The US Government has also announced $3.7 billion in unclassified funding, plus more funding for defence research and development. In addition to government-led initiatives, multiple research and development efforts are underway in the private sector and academia.

Although these investments are still lower than AI international funding, the rise of quantum technology has already begun to change international policy.

In 2019, the United States announced a bilateral “statement on quantum cooperation” with Japan, which the US Government strengthened in 2023. And in 2024, Washington established a multilateral initiative called the Quantum Development Group to coordinate strategies for advancing and managing the new technology. The US has also discussed quantum issues within various economic and security forums, including AUKUS, the trilateral defence pact amongst Australia, the UK, as well as the 'Quad', a security dialogue, with Australia, India and Japan.

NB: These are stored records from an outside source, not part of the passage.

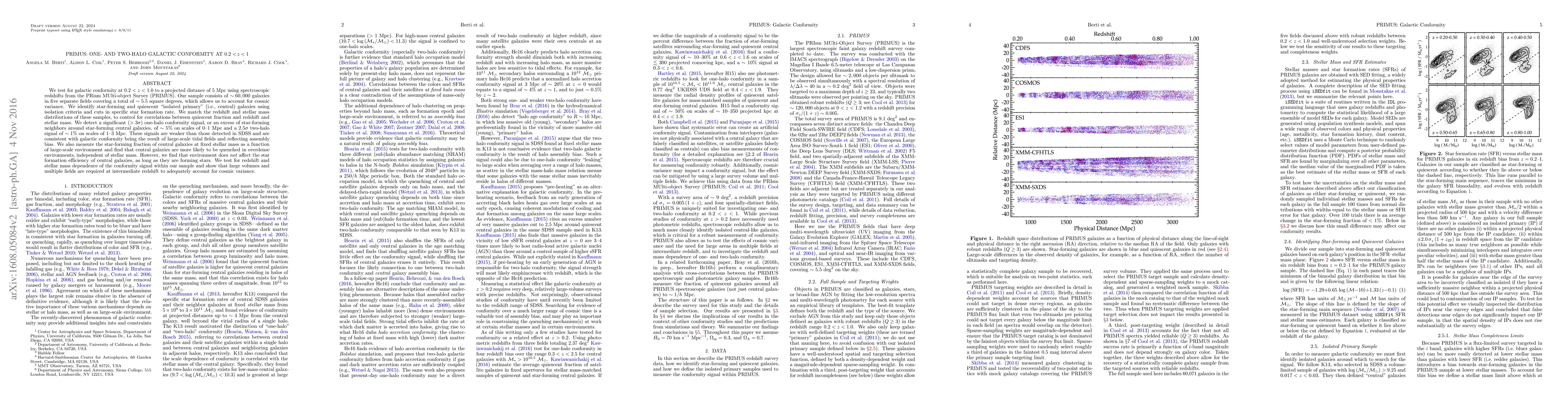 This study investigates galactic conformity in the redshift range $0.2 < z < 1.0$ using data from the PRIMUS survey, revealing a significant one-halo conformity signal of ~5% around star-forming central galaxies and a weaker two-halo signal of ~1%. The findings suggest that galactic conformity is influenced by large-scale tidal fields and assembly bias.
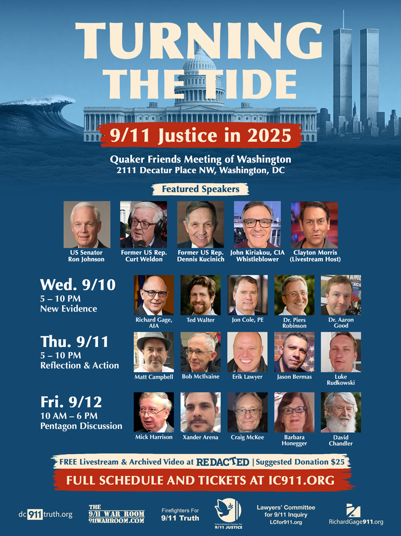 What are YOU doing on the 24th anniversary of 9/11? There are a number of ways to come and join us! For the first time, almost every 9/11 Truth organization has banded together in a major show of unity to create a landmark event, TURNING THE TIDE: 9/11 Justice in 2025 in Washington, DC, with featured talks from a wide range of prominent activists, researchers, and whistleblowers from in and around the 9/11 Truth Movement.
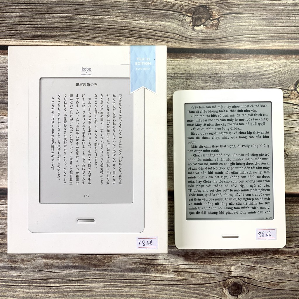 - Kobo Touch: 2Gb, hỗ trợ thẻ nhớ ngoài tối đa 32gb. Màn hình 6 inch.
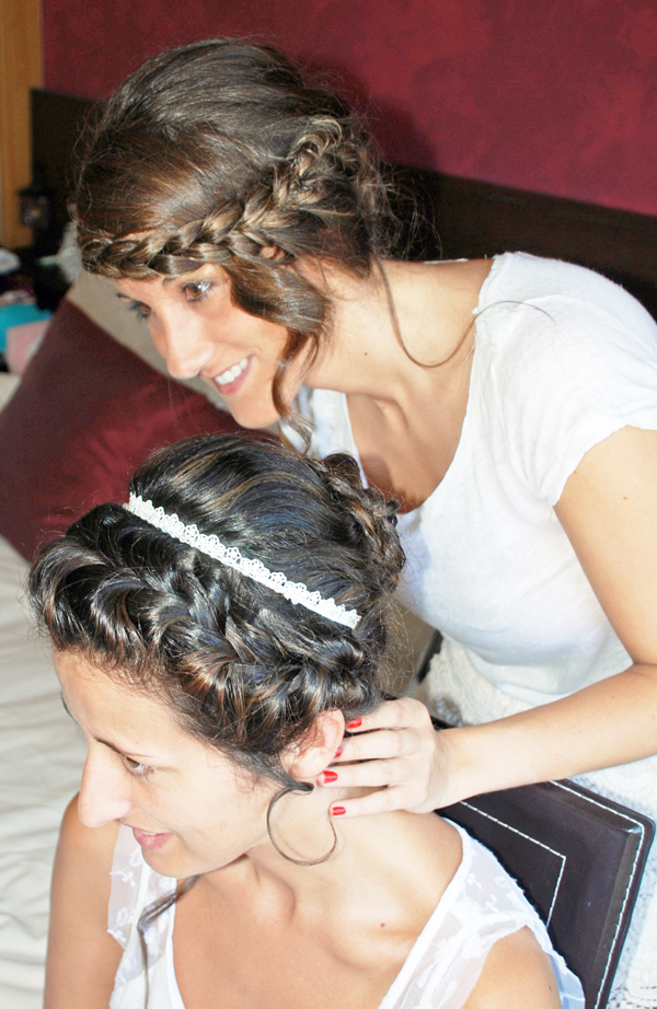 Para la celebración familiar escogimos un recogido romántico adornado con dos diademas de encaje también made in Fruto Samore! (según dice ella, no hay nada mejor que tener una hermana apañada….)
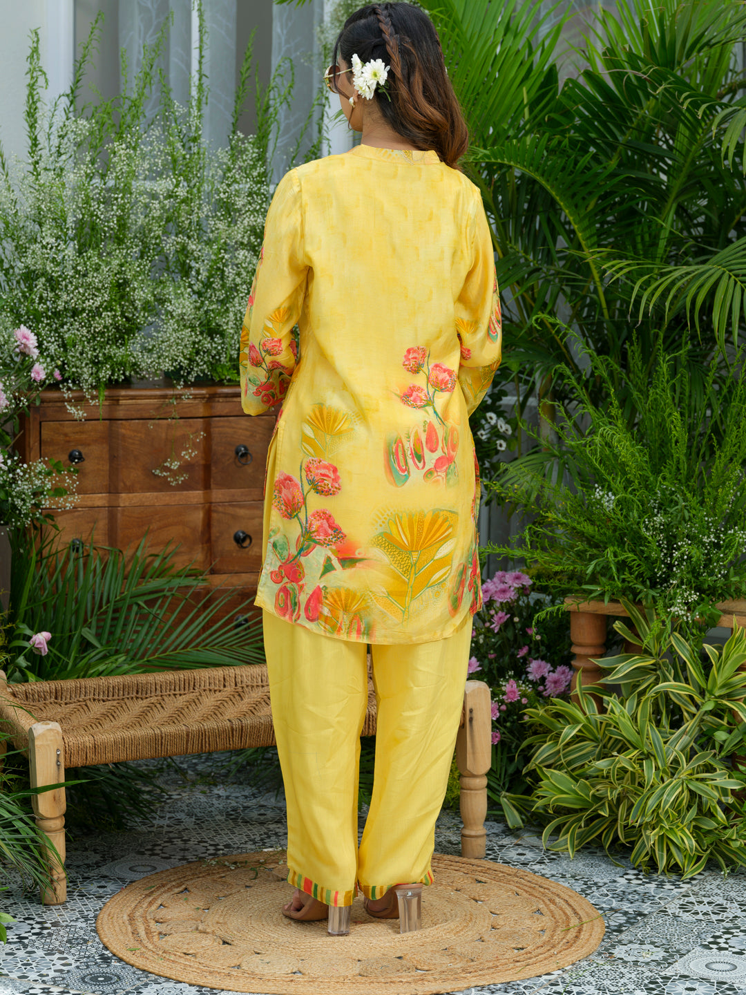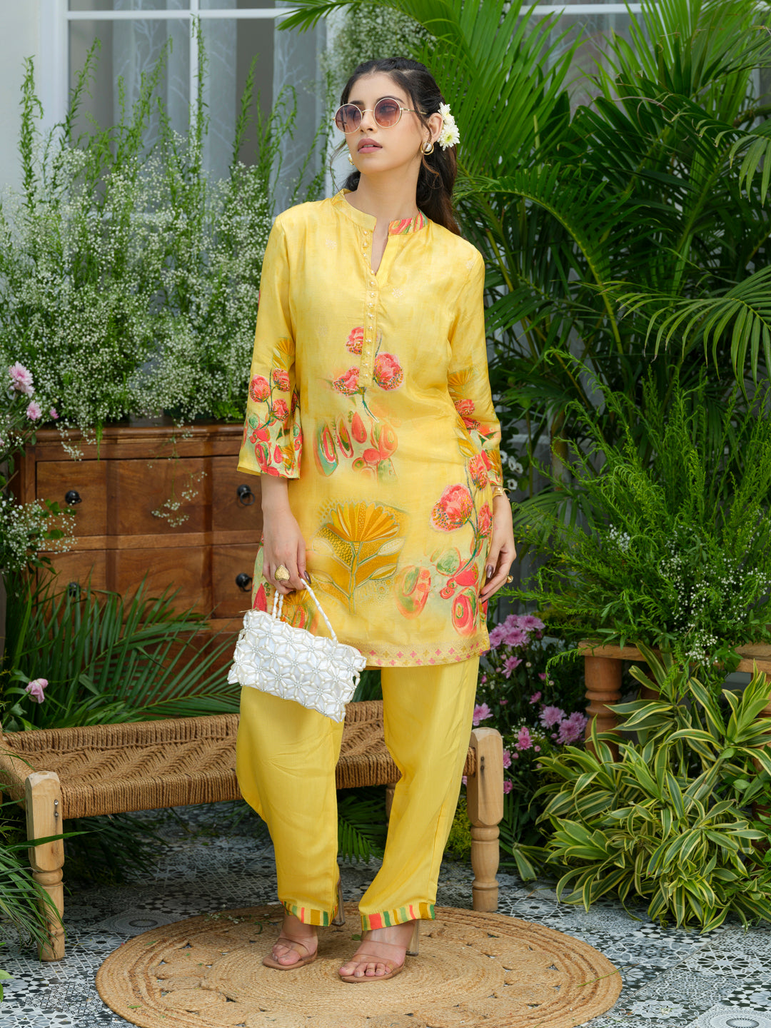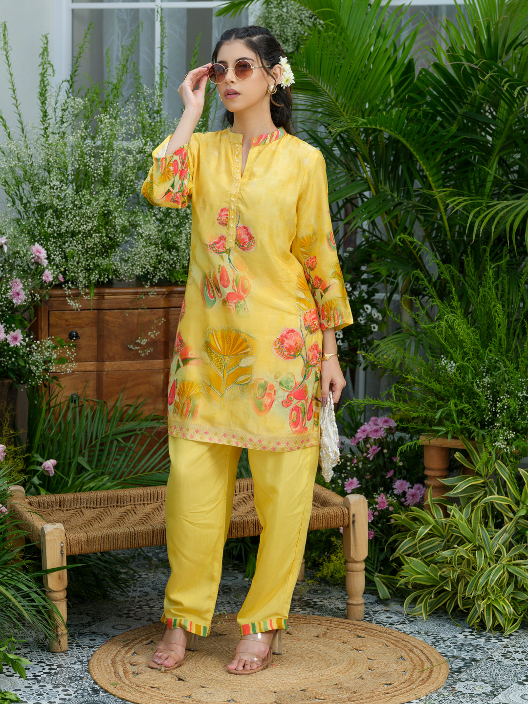Women's Yellow Ethnic Co-ord Set – Floral Kurta with Pants

To date, the advent of quantum technology has been perceived largely as a national security issue. However, since the 1990s, researchers have recognised that one of the greatest threats posed by a powerful quantum computer is its potential as a code-breaking tool, capable of penetrating the encryption used by the most advanced communication systems and digital networks around the world today.

This concern has spurred the US Government to develop and advocate for the adoption of quantum-resistant cryptography, strengthen export controls on quantum technology and related products, and build action-oriented partnerships with industry, academia, and local governments. But the focus on code breaking has led policymakers to ignore other important applications of quantum technology.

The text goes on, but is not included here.